An Exceedingly Rare Lute by Hans Frei, Bologna

A Luthier's Legacy

Within the collections of the Warwickshire Museum, is an exceedingly rare 16th century lute. Not only is this instrument of incredibly high quality, but it was made by one of the lute equivalents of Stradavarius, the German-born luthier Hans Frei (c.1505-1565). Frei, alongside his equally famous contemporary Laux Maler (c.1485-1552), lived and worked in Bologna, Italy, and created some of the most exquisite lutes to have survived in modern times.

Compared to the popularity and importance of this instrument in the 16th and 17th centuries, original surviving lutes are rare. Indeed, although 1,100 finished instruments were listed in an inventory made after Maler’s death, only five fragments of his instruments have survived into the 21st century. Despite the fact that Frei probably made as many lutes as Maler, less than ten examples of his instruments have survived. Apart from the outstanding Warwick instrument, the other best examples of Frei’s lutes are in the Kunsthistoriches Museum, Vienna, with others surviving in Museums in Bologna and Stockholm respectively.

The Queen of instruments

In Elizabethan England the lute was believed to have been the Queen of instruments, only second in importance to the voice. Britain at the end of the 16th and beginning of the 17th century went through a golden age of lute music and produced some of the finest lutenists and composers in Europe during this period, such as the legendary John Dowland (1563-1626).

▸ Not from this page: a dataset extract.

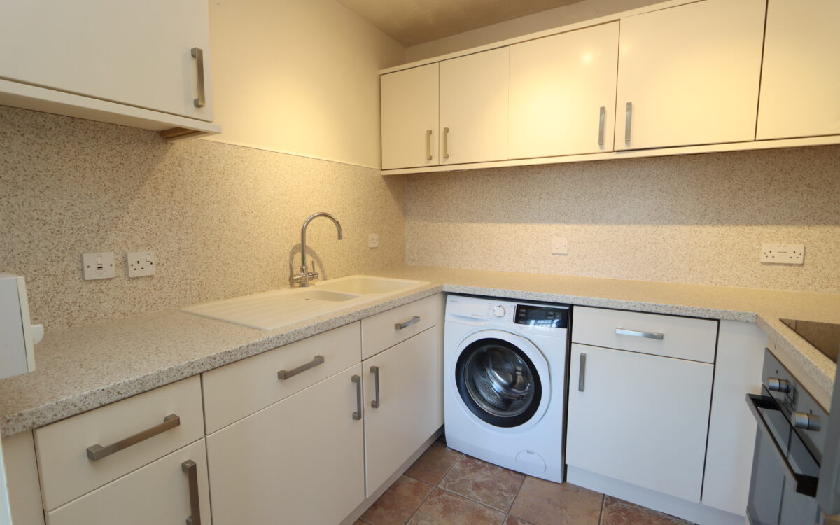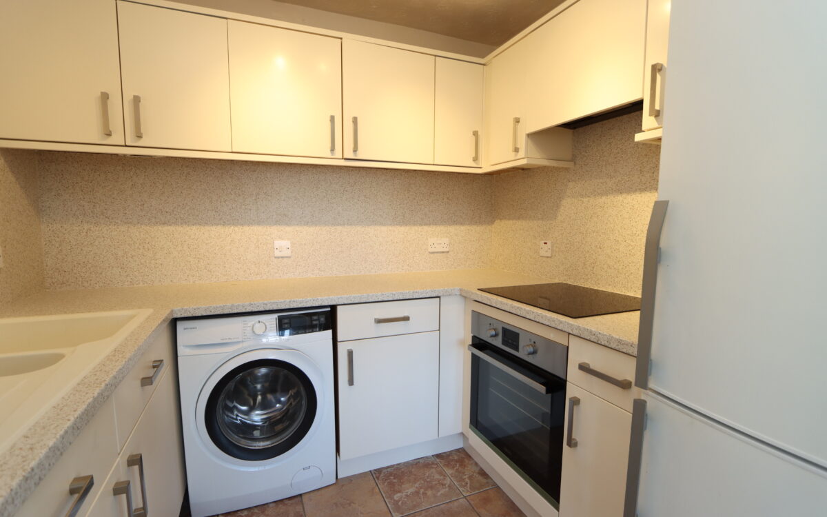 KITCHEN: 7’ 10” x 7’ 2” (2.39m x 2.18m), benchtops with matching splash backs, tiled floor, fitted wall & floor units, 1 ½ bowl ‘Blanco’ sink & drainer with stainless steel mixer tap, ‘John Lewis’ washing machine, ‘John Lewis’ fridge freezer, ‘Zanussi’ 4 ring induction hob with illuminated extractor hood above, ‘Zanussi’ under-bench oven, 4 spot lights on track and extractor fan.

The Warwick instrument, which is dated c.1550, is made of a variety of woods; the neck and ribs of the instrument are composed of sycamore; walnut is used for the fingerboard; and spruce for the soundboard. Inside the belly of the lute is an original label, with the luthier’s name in Gothic characters. Although the instrument was probably originally intended to be strung with six courses (five double strings and one single string) the neck of the lute was later adapted to become a larger 11 course baroque lute (nine double strings and two single strings).

These changes were probably made in the early 18th century as later contemporary music demanded a greater number of strings, and the use of different tuning. The ornate decoration on the fretboard and neck, consisting of a fine Renaissance style foliate arabesques in ivory and ebony, was probably added during this later period. These additions suggest that the instrument was played and admired for a considerable time after its initial construction in the mid 1500s.

Obscure provenance

The provenance of the Warwick lute is obscure. It was originally purchased in 1947 by Eric Halfpenny (1906-1979, and a founding member of the Galpin Society) from a private collector who had only recently bought the instrument at auction. Halfpenny’s friendship with the Warwickshire Museum started in 1954, when he was involved in organising a temporary exhibition of musical instruments there. A picture published in the 1950s shows that Halfpenny would often play the instrument, and it was described that “the tone is very sweet, though quite small, with a rather reedy quality in the lower register. The notes hold out for a long time, with the richness in overtones and comparative weakness of the fundamental note produce to a marked degree the very intimate and sympathetic tone which is the lute’s essential character.”

After becoming an honorary advisor for musical instruments, Halfpenny eventually sold several pieces of his own collection to the museum.The Hans Frei Lute was purchased by the Warwickshire Museum in 1964, with assistance from the V&A Purchase Grant Fund, and the instrument was displayed as part of the In sweet musick is such art. An exhibition of English music of the period 1580-1620 organised in that very year.

Further Reading

M. Prynne, “An unrecorded Lute by Hans Frei.” The Galpin Society Journal, Vol. 2 (March 1949), pp. 47-51.